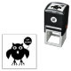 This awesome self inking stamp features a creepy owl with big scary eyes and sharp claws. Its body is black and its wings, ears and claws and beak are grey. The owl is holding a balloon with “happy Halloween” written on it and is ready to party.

--

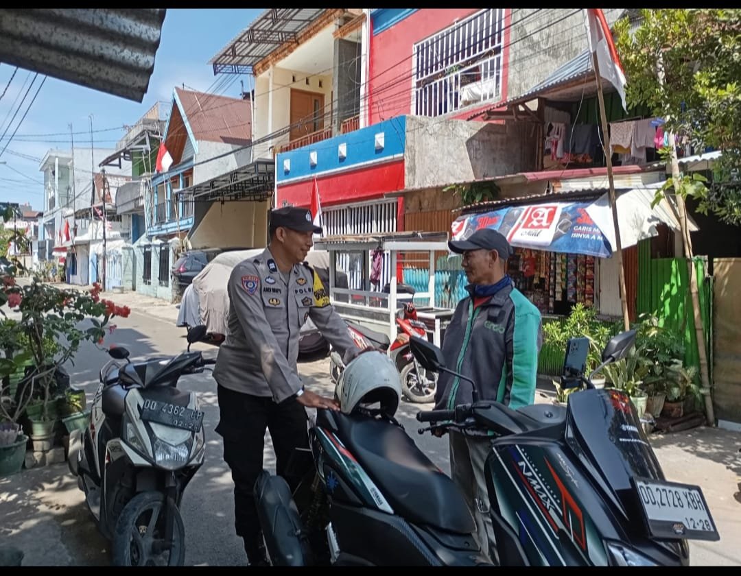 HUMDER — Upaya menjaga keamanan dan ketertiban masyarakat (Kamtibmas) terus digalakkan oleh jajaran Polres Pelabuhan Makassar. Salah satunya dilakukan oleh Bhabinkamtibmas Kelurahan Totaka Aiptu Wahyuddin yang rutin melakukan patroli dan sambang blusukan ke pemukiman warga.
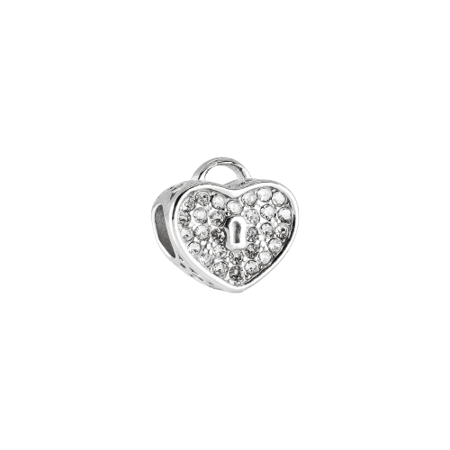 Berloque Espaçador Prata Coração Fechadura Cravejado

EXERCISE PROMPT: Repeat exactly, and only, the entries from the line with "HUMDER — Upaya" through the line with "Berloque Espaçador Prata". Pictures are skipped.

ANSWER FOR THIS EXERCISE:
 HUMDER — Upaya menjaga keamanan dan ketertiban masyarakat (Kamtibmas) terus digalakkan oleh jajaran Polres Pelabuhan Makassar. Salah satunya dilakukan oleh Bhabinkamtibmas Kelurahan Totaka Aiptu Wahyuddin yang rutin melakukan patroli dan sambang blusukan ke pemukiman warga.
 Berloque Espaçador Prata Coração Fechadura Cravejado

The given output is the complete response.